This is N. Thiruvenkatam (Thiru) from the south Indian city of Trichy. He belongs to the Tamil Konar community. Born in 1953 he is the 4th generation living in his ancestral home which he has partially converted into a petty shop that he runs for his livelihood.

His father ran a dairy business reselling milk and other dairy products. Thiru started off his work life selling milk door to door on foot at the age of 15. Due to his illness and not being an astute businessman his father could not keep the business going. This saw his family struggling to make ends meet.

On completing his schooling he joined a dry cleaning company managing the day to day operations and working there for 18 years.
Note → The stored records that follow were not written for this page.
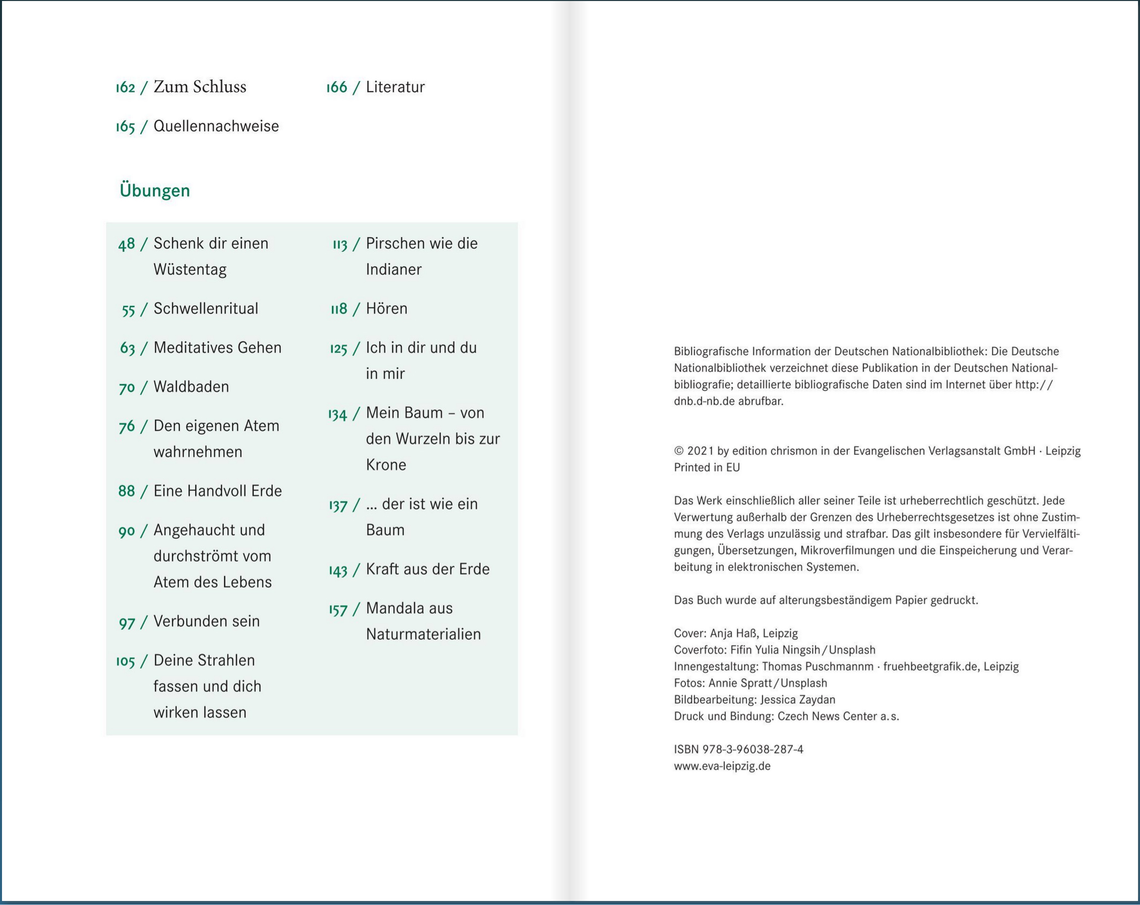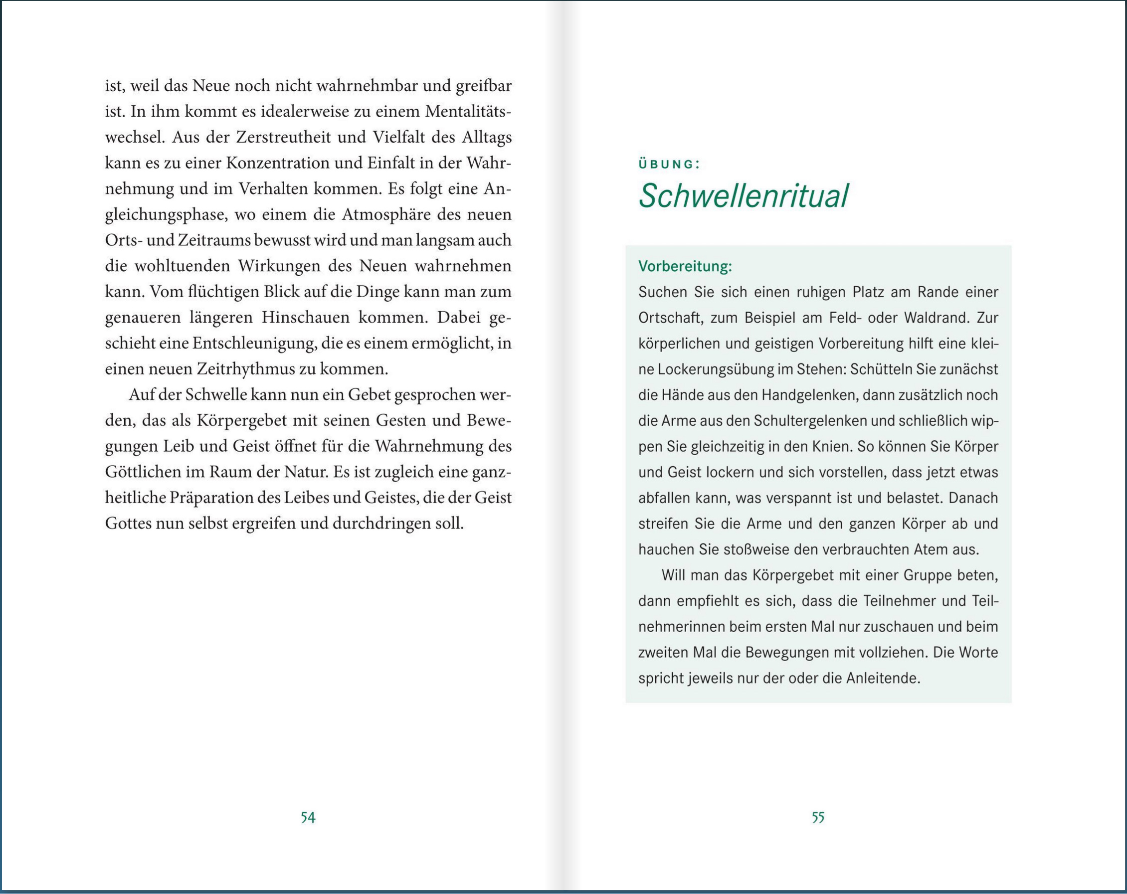 - Gebet und Meditation draußen: Kurze Gebetsformen, Stilleübungen und begleitende Meditationen.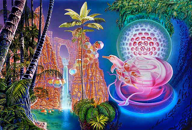 Рисунок-кодировка, направлен на Душу, сделать пробоину в чакре Души и заполнить Душу негативными энергиями. 5 дельфинов на красном фоне символизируют Душу, заполненную негативом. Дельфины устремлены к коричневому строению (к негативу) - стремление Души получить негативные энергии. Пальмы, водопад, цветной калейдоскоп – для желания Души принять кодировку.
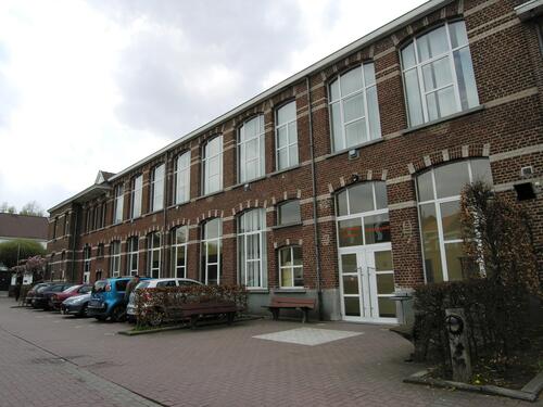 De afbeelding 'Schoolgebouw' gemaakt door Kennes, Hilde wordt ter beschikking gesteld door Agentschap Onroerend Erfgoed (AOE) onder de volgende voorwaarden: Modellicentie voor gratis hergebruik, Naamsvermelding-GelijkDelen 4.0 Internationaal.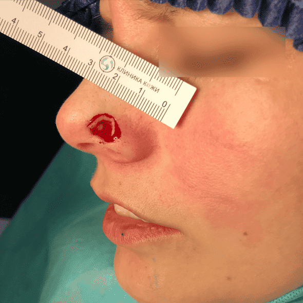 Операция по Mohs. Сделан отступ в 1 мм от дерматоскопически определяемых границ, резецированный лоскут отправлен на гистологию. В зоне седьмого часа на условном циферблате потребовалась дополнительная клиновидная эксцизия еще одного миллиметра от первоначального дефекта. Проведено простое линейное ушивание параллельно носогубной складке.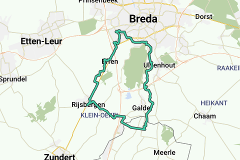 La route cyclable commence et se termine au café het Roode Hert à Princenhage.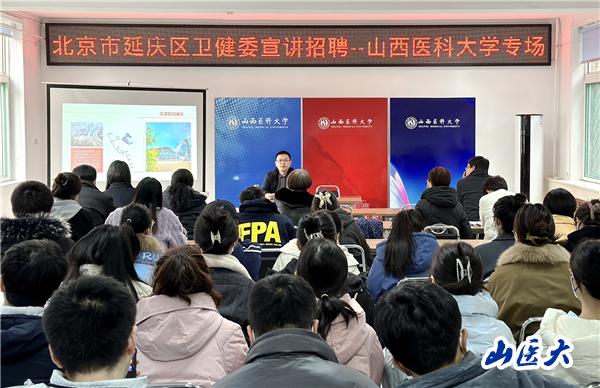 2月21日下午,我校在迎泽校区图书馆一层招聘室举办2023年首场线下专场校园招聘宣讲会,北京市延庆区卫健委党委副书记高琳琳一行8人携北京大学第三医院延庆医院、北京中医医院延庆医院、北京市延庆区妇幼保健院和北京市延庆区疾病预防控制中心等4家用人单位来我校选贤纳才,100余名2023届毕业研究生积极参会,用人单位提供了近50个工作岗位。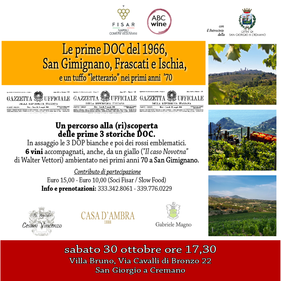 Navigazione articoli Le prime Doc del 1966, San Gimignano, Frascati ed Ischia in un evento Fisar -Abc Wines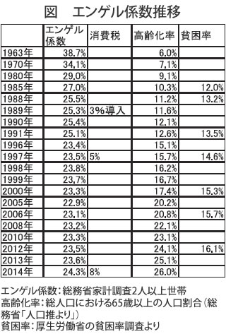 2014年のエンゲル係数について「24.3%と21年ぶりの高水準、家計のゆとり低下、消費増税による支出抑制で、生活水準低くなる。14年度月平均消費支出28.8万円と 2%減に対し食料品支出は1%増の7万円」と報道されました。1995年から23%台が続いてきたものが93年と同じ24.3%に逆戻りしました(図)。消費増税と物価上昇の影響が大きかったことがわかります。エンゲル係数は「消費支出」に占める「食料品」の割合を表します。生活が苦しくなるほど上昇する傾向を見せますが、2005年を底値に少しずつ値を積み増しています。 今回の上昇と過去の消費税との関係で見ると、1989年の消費税3%導入のときは翌年のみ上昇、1997年の5%引き上げの時も翌年のみ上昇でした。円安による輸入物価上昇が食料品価格を押し上げていることも原因ですが、今回の上昇の影響は別に考える必要があります。1つは高齢化率がずっと右肩上がりに上昇しており、エンゲル係数が元々高くならざるを得ない高齢層(65歳以上人口割合)の比率が増加しているのが大きな要因です。もう1つは所得格差が拡大し貧困化が進んでいる影響です。2012年の日本の相対的貧困率が16.1%で、こどもの貧困率が過去最悪の16.3%になったのを受けて、政府は2014年8月、「子どもの貧困対策大綱」を初めて策定しました。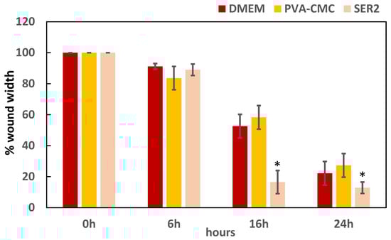 Quantification of the wounded area revealed that incubation with the SER2 dressing significantly enhanced the migration of HaCaT cells to the scratch area after 16 h (p = 0.001) and after 24 h (p = 0.0004), compared to the control (DMEM) and PVA8/CMC3.5 groups, whereas, no significant differences were found after 6 h when comparing the treated and CTRL groups (p = 0.24).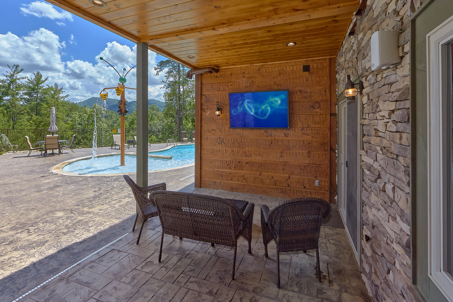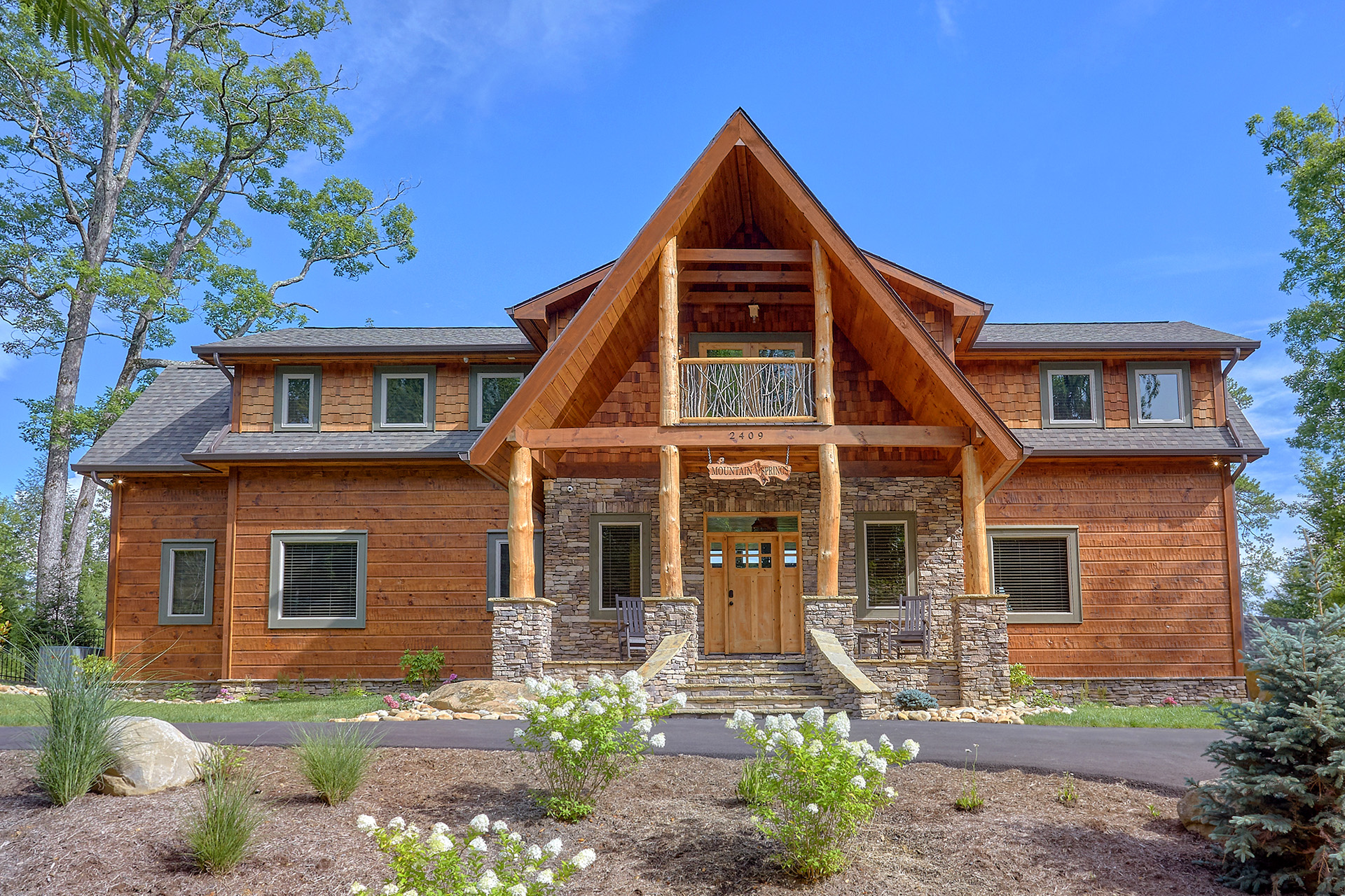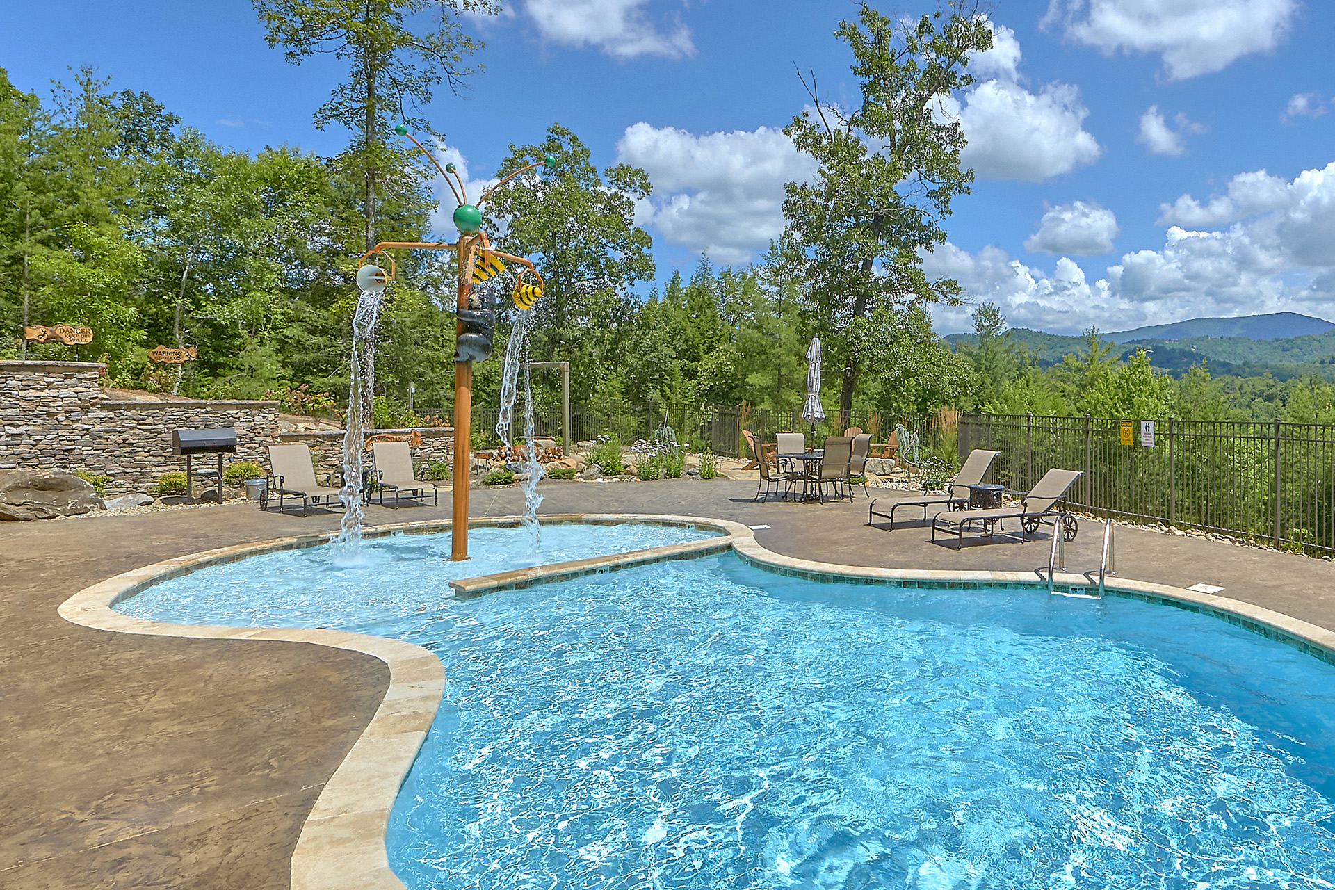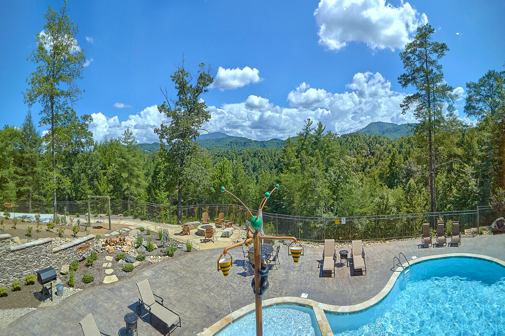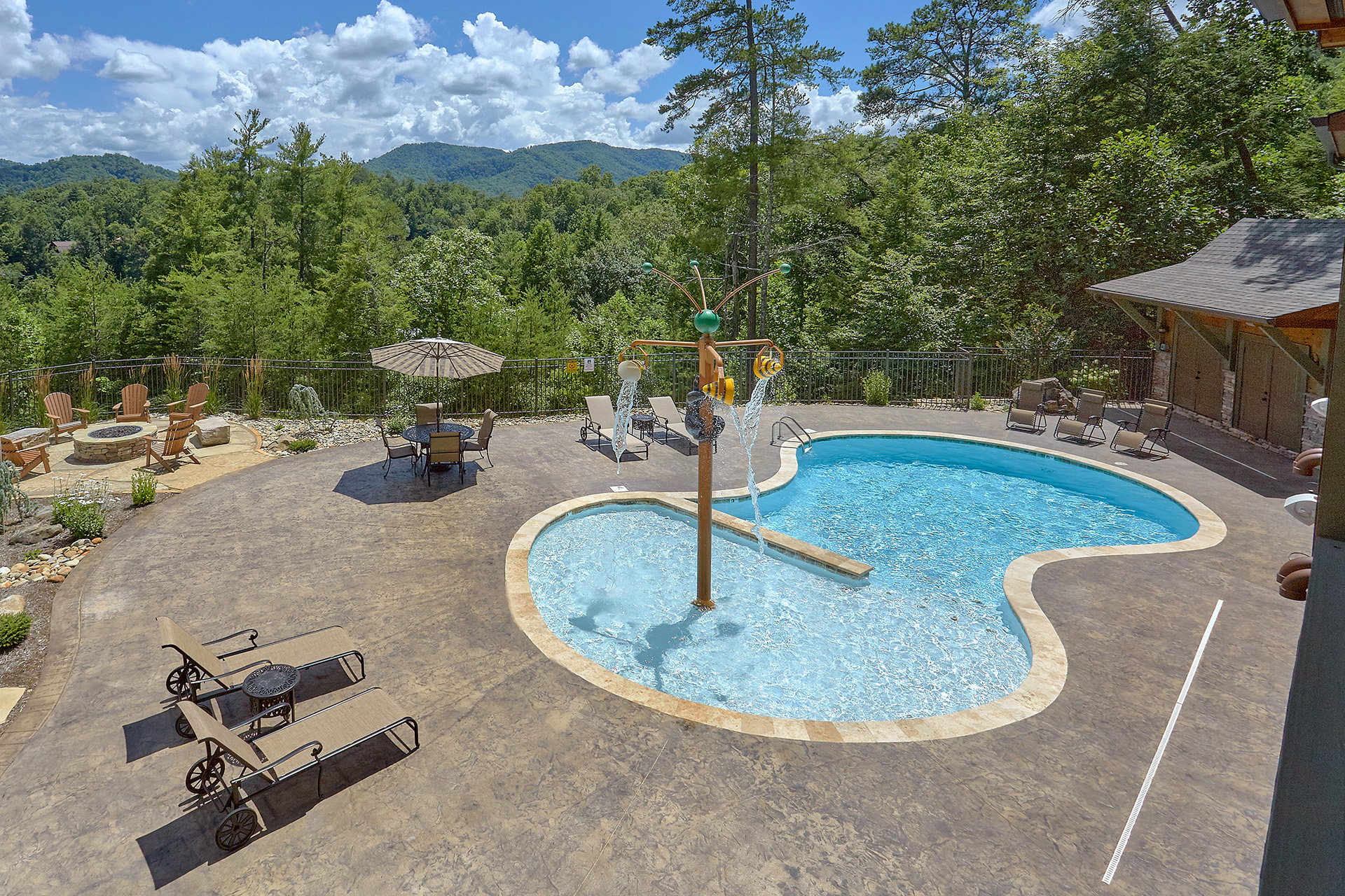 Just minutes from Pigeon Forge, located in Cedar Falls Resort, Mountain Springs is a spacious and gorgeous, 5 bedroom, 5 full and 3 half bath cabin with stunning views of the Great Smoky Mountains. The property has a private outdoor heated swimming pool, childrens splash pad, basketball court, hammock station, disk swing, BBQ grill, Hot Tub, outdoor television and a gas firepit just for starters. Every detail has been considered in this beautiful cabin, constructed with natural materials, luxurious furnishings and beautiful landscaping. Mountain Springs front door opens to a high, airy great room with lots of glass, grand views of the Smokies and overlooks the magnificent outdoor space and swimming pool. In the living area, leather furnishings are grouped before a substantial stone gas fireplace, spectacular wood carvings and a wide flat screen smart television. In the kitchen, chiseled granite countertops set off the streamlined, natural wood cabinetry. High-end appliances aim to make meal preparation easy and enjoyable. An extra wine fridge makes for plenty of cold space. Steps away, the custom crafted dining table seats eight with another six seats at the bar. Mountain Springs has five quiet, airy master bedrooms, each with its own elaborate bath, two on the main level. The master on the right as you enter the cabin is a big, sumptuous room with a fireplace, custom log furniture and large flat screen smart TV. A soft, king size bed faces the fireplace, and a door leads out to the covered porch with rockers overlooking the pool. Master bath with granite features and an oversized custom tile shower with multiple shower heads. The second bedroom on the main level is a light-filled space with a king size bed, a door to a covered porch, and a stone gas fireplace. Vast picture windows frame stunning views. As in the master bedroom, a flat-screen smart television and quality bedding offer rest and relaxation. The bath features granite counters with backlit sink basins as well. A walk-in shower, separate jacuzzi tub, and tall windows that can be shuttered for privacy. The Loft area features a half bath, unique hand crafted wet bar with seats for four, mini fridge and a one of a kind hand crafted log bar top. A regulation log finished billiard table and indoor shuffle board table just for sport. A large smart TV finishes this room so you won’t miss the big game. The first loft bedroom features aspen furnishings, plush queen bedding, stacked stone gas fireplace, large flat screen smart TV and a welcoming armchair tucked under a window. The private bath is truly over the top featuring beautiful custom cabinetry, granite tops and hammered copper sink basins. The shower is an unexpecting surprise. As you enter you’ll see a large soaking tub, two rain maker shower heads and two shower fixtures. The second loft bedroom features log furnishings, plush king bedding, stacked stone fireplace, and a flat panel smart TV. A large soaking tub sits beneath the window with shades for privacy and views of the Smokies. The private bath has a tub shower combo and ample cabinet space. No need to head to town to an arcade because there’s a fabulous game room on the lower level. This is where everyone will want to be in the evening with plenty of comfy seating, stacked stone gas fireplace and a nice sized smart TV. The many favorite arcade games in this room include Air hockey, Fast and Furious racing, Big Buck shooting game, golf, and a multicade with over 80 favorites like Ms. Packman and Donkey Kong. This room also offers a relaxing Sauna and looks out to the fabulous swimming pool. If you’re in the mood for a movie there’s a theater room just off the game room with theater seating for ten, mini fridge and microwave so bring some popcorn. You also may want to serenade your friends on the Karaoke in the theater as well. The hallway off the game room leads to a half bath and doorway leading out to the pool and a large 8 person hot tub. There’s a large outdoor TV next to the hot tub for some entertainment while you soak. The downstairs bunk room features a full log bunk bed, a King sized bed, Smart TV and a private bath. Winter months outdoor pool may not be available. NO Pets, No parties, no smoking inside or out. Our Cabin is only for responsible guest who will respect and not damage the cabin. No trailers allowed overnight in resort.

During the last few years in the company he started a small business  in partnership with a few friends and family members making envelopes and other office stationery. This business did not go too far with the partners disagreeing and falling into loses. With the urge to do something on his own he then started a laundry business at home while still working at the dry cleaners. Though not financially sound he managed to get the business off the ground by getting a loan from a bank. He bought all the machinery and even employed two people to help him run the place. He managed to get a few contracts to begin with and the going was good. However this business too did not last too long. Owing to unreliable employees and the fact that the clothes started getting stolen, he had to shut the business within a years time of starting it.

At around the same time he left his job at the dry cleaners due to the meagre salary with which he was not able to support his new family. He got a final settlement of RS 12000/-. With this and his savings of about Rs 70000/- he again went about thinking of various businesses to start.

He had to decide between a flour mill, a rice shop and a petty shop. He choose the  petty shop and opened it selling items like newspapers, magazines, cigarettes, sweets, biscuits and other items.  In order to cut corners and get the best value for money he always bought everything wholesale. To get that extra margin he went around to do the wholesale shopping on his bicycle rather than a bike thus saving on the fuel cost. He had run the shop for about 12 years when suffered a heart attack and had to shut the business for a whole year. He reopened the business but is not able to manage it single handedly as before. His hardships continue but he tries to ignore them exuding optimism for the future. He dreams of the day when he will own his own eatery serving cheap and honest food to the common man.